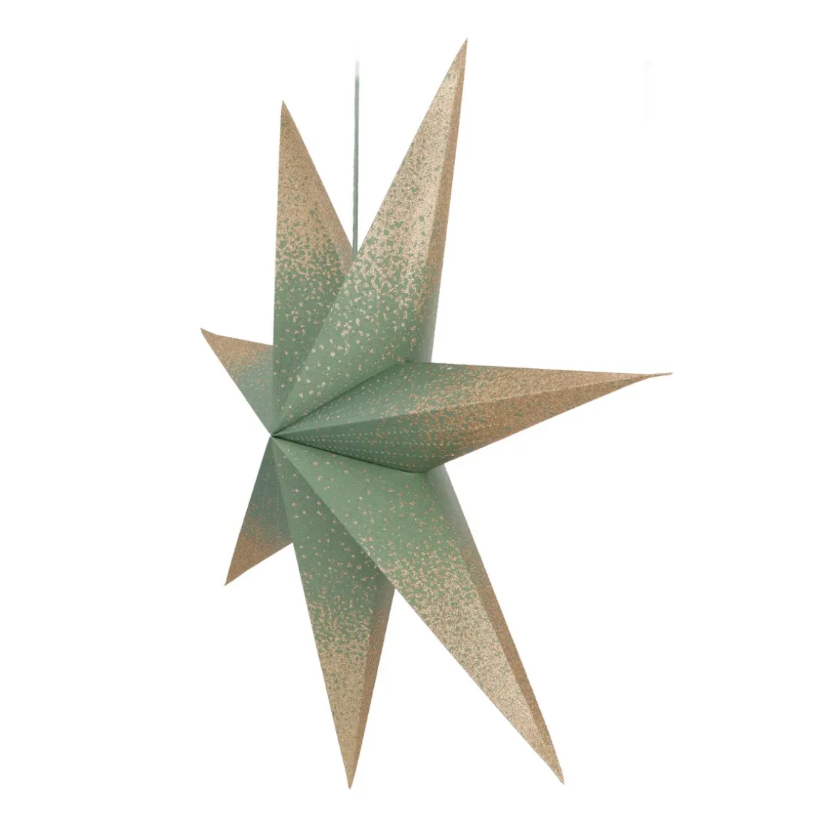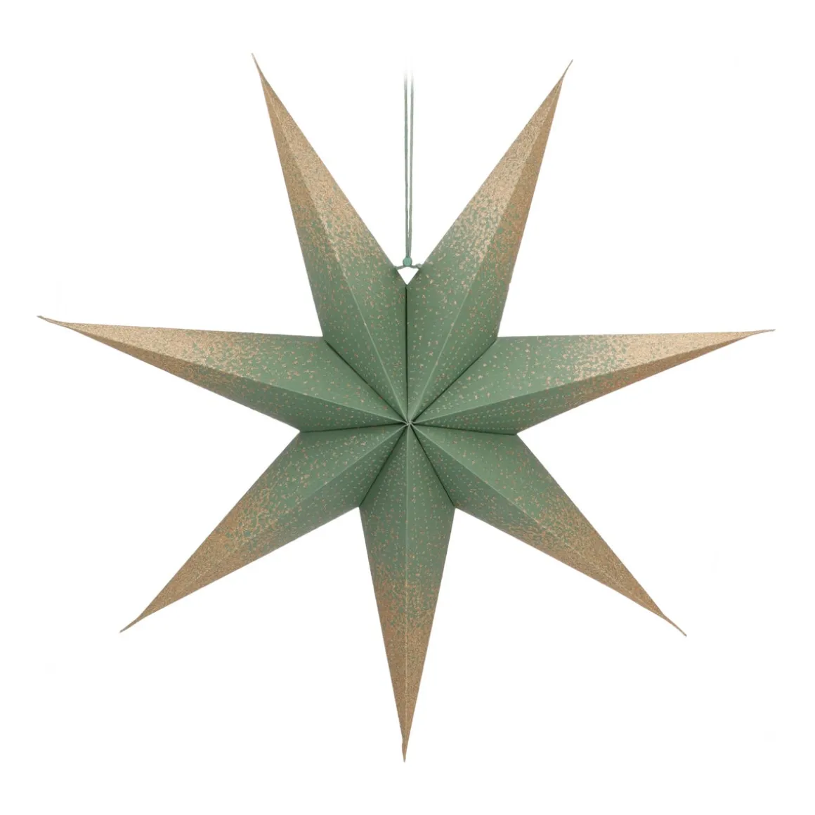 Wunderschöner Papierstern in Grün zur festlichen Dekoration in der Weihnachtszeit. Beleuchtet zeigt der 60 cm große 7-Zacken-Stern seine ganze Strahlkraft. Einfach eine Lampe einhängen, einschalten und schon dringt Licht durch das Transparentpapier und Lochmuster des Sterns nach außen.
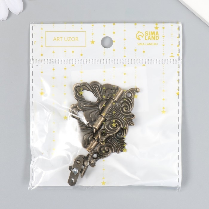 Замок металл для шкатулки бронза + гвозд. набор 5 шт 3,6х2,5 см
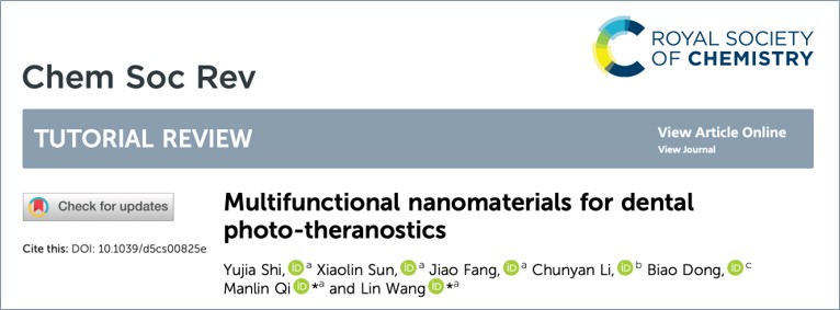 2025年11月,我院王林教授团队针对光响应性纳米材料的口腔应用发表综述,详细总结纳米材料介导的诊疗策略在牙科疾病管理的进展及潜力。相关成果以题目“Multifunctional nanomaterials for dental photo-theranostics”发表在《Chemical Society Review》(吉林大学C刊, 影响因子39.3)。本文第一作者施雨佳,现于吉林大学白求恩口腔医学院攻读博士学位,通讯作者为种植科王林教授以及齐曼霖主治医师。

Work order
Only the lines from the first line of the data above through the line with "Замок металл для" should appear in the answer, retyped exactly, with every picture left out.

Expected output
 Wunderschöner Papierstern in Grün zur festlichen Dekoration in der Weihnachtszeit. Beleuchtet zeigt der 60 cm große 7-Zacken-Stern seine ganze Strahlkraft. Einfach eine Lampe einhängen, einschalten und schon dringt Licht durch das Transparentpapier und Lochmuster des Sterns nach außen.
 Замок металл для шкатулки бронза + гвозд. набор 5 шт 3,6х2,5 см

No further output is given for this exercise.